- Task statement -
Word for word, write out all the entries below, omitting every picture.

- Material for the task -
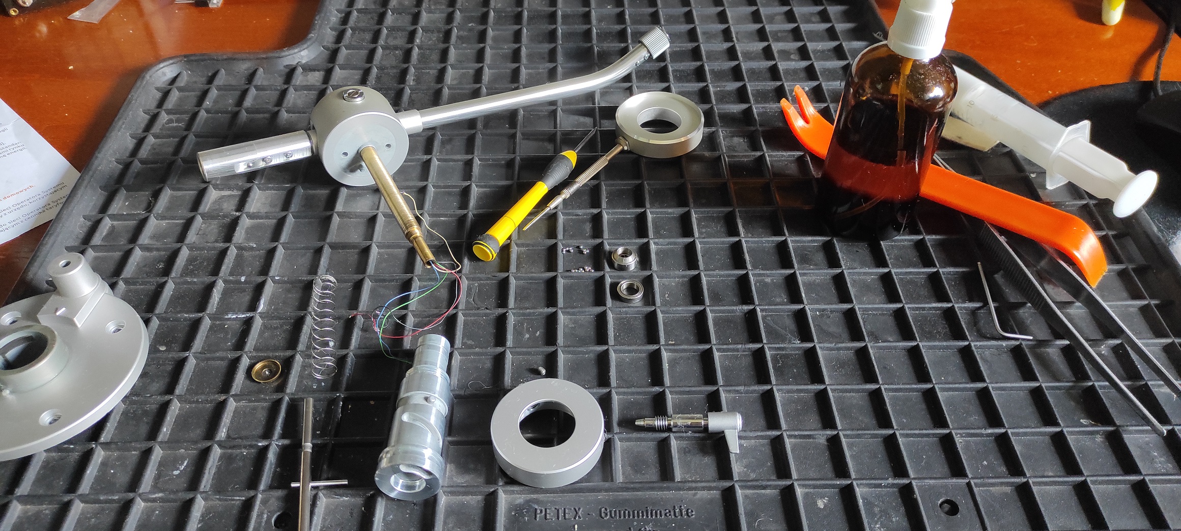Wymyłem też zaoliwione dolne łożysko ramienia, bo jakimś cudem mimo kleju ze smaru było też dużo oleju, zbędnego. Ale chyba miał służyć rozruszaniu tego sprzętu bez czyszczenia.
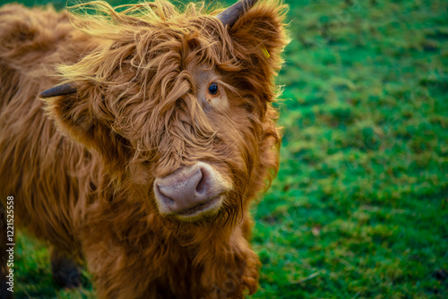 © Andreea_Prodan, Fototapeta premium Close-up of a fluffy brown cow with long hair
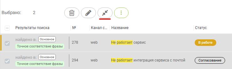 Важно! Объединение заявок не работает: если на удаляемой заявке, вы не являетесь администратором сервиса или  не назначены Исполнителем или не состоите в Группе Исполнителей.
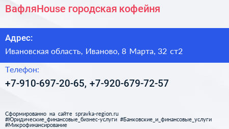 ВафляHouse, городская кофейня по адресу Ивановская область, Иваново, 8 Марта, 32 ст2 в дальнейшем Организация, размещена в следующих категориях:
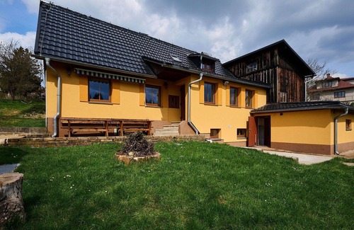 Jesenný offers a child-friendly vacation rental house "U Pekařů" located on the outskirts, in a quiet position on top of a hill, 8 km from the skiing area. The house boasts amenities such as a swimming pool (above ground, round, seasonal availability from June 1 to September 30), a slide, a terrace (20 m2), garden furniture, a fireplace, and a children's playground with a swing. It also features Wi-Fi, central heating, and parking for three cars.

- Solution to this task -
Wymyłem też zaoliwione dolne łożysko ramienia, bo jakimś cudem mimo kleju ze smaru było też dużo oleju, zbędnego. Ale chyba miał służyć rozruszaniu tego sprzętu bez czyszczenia.
 © Andreea_Prodan, Fototapeta premium Close-up of a fluffy brown cow with long hair
 Важно! Объединение заявок не работает: если на удаляемой заявке, вы не являетесь администратором сервиса или  не назначены Исполнителем или не состоите в Группе Исполнителей.
 ВафляHouse, городская кофейня по адресу Ивановская область, Иваново, 8 Марта, 32 ст2 в дальнейшем Организация, размещена в следующих категориях:
 Jesenný offers a child-friendly vacation rental house "U Pekařů" located on the outskirts, in a quiet position on top of a hill, 8 km from the skiing area. The house boasts amenities such as a swimming pool (above ground, round, seasonal availability from June 1 to September 30), a slide, a terrace (20 m2), garden furniture, a fireplace, and a children's playground with a swing. It also features Wi-Fi, central heating, and parking for three cars.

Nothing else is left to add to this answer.